Methodology is the comparative study of research methods. Methodology
is one area of method study in research. It is distinct from
methodics, the collection of research methods used in any given
field. It is distinct from a specific method. It is distinct from
technique, the application of method.



References


Blumer, Herbert. 1969. Symbolic Interactionism. Perspective and
Method. Englewood Cliffs, New Jersey: Prentice-Hall, Inc.

Bunge, Mario. 1999. The Dictionary of Philosophy. Amherst, New York:
Prometheus Books.

Edwards, Cliff. 1999. "Many Products Have Gone the Way of the Edsel."
Johnson City Press, 23 May 1999, 28, 30.

Glaser, Barney G. 1978. Theoretical Sensitivity. Advances in the
Methodology of Grounded Theory. Mill Valley, California: Sociology
Press.

Glaser, Barney G. 1992. Emergence vs. Forcing. Basics of Grounded
Theory. Mill Valley, California: Sociology Press.

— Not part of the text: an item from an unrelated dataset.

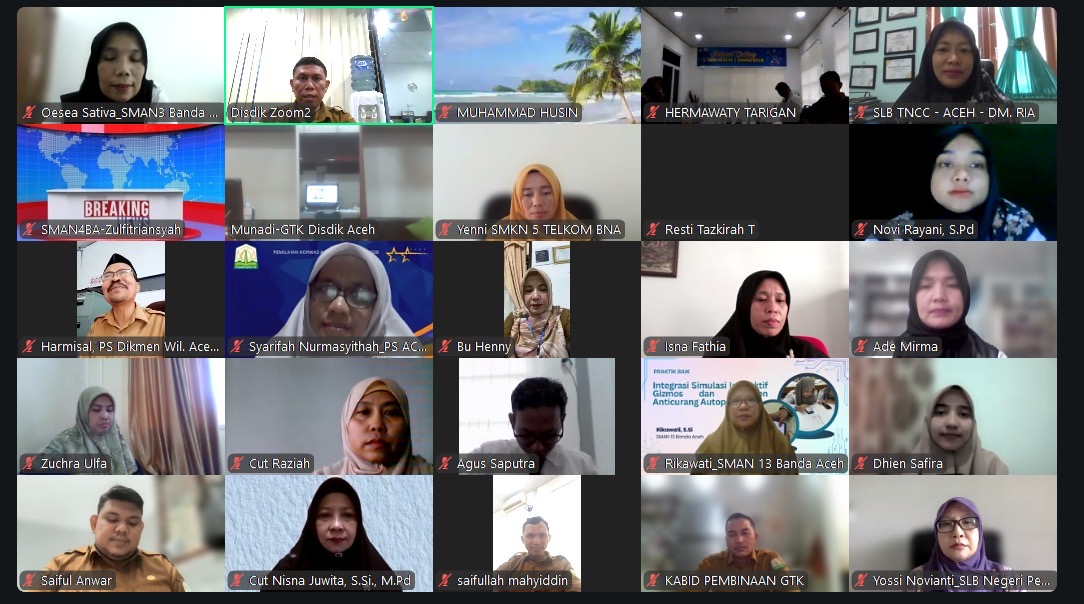 Pembukaan dilakukan secara daring melalui platform Zoom Meeting oleh Kepala Bidang GTK Dinas Pendidikan Aceh, Junaidi, SST., M.Pd, dan diikuti oleh para guru serta tenaga kependidikan berprestasi dari berbagai jenjang pendidikan di Kota Banda Aceh.

Glaser Barney G., and Anselm Strauss 1967. The Discovery of Grounded
Theory. Strategies for Qualitative Research.

Hilpinen, Risto. 1995. "Charles Sanders Peirce." The Cambridge
Dictionary of Philosophy. Robert Audi, editor. Cambridge, England:
Cambridge University Press, 565-568.

Lukas, Paul. 1998. "The Ghastliest Product Launches." Fortune, 16
March 1998, 44.

Mansfield, Edwin, J. Rapaport, J. Schnee, S. Wagner and M. Hamburger.
1971. Research and Innovation in Modern Corporations. New York:
Norton.

Mautner, Thomas. 1996. A dictionary of philosophy. Oxford: Blackwell.

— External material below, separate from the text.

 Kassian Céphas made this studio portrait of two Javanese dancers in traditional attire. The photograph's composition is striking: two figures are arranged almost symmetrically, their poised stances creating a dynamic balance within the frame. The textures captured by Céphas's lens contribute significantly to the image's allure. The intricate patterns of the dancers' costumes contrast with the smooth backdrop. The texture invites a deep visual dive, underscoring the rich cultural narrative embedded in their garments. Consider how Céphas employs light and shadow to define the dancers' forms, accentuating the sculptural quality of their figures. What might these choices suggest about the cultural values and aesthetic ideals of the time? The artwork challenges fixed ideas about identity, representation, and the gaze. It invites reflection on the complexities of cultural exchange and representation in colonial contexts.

McMath, Robert. 1998. What Were They Thinking? Marketing Lessons I've
Learned from Over 80,000 New Product Innovations and Idiocies. New
York: Times Business.

Nonaka, Ikujiro and Hirotaka Takeuchi. 1995. The Knowledge-Creating
Company: How Japanese Companies Create the Dynamics of Innovation.
Oxford: Oxford University Press.

Peirce, Charles S. 1877. "The Fixation of Belief." Popular Science
Monthly 12 (November 1877), 1-15.

Strauss, Anselm, and Juliet Corbin. 1990. Basics of Qualitative
Research. Grounded Theory Procedures and Techniques. Newbury Park,
California: Sage Publications.

Wood, John. 2000. "The culture of academic rigor: does design
research really need it?" The Design Journal, Vol. 3, Issue 1, 44-57.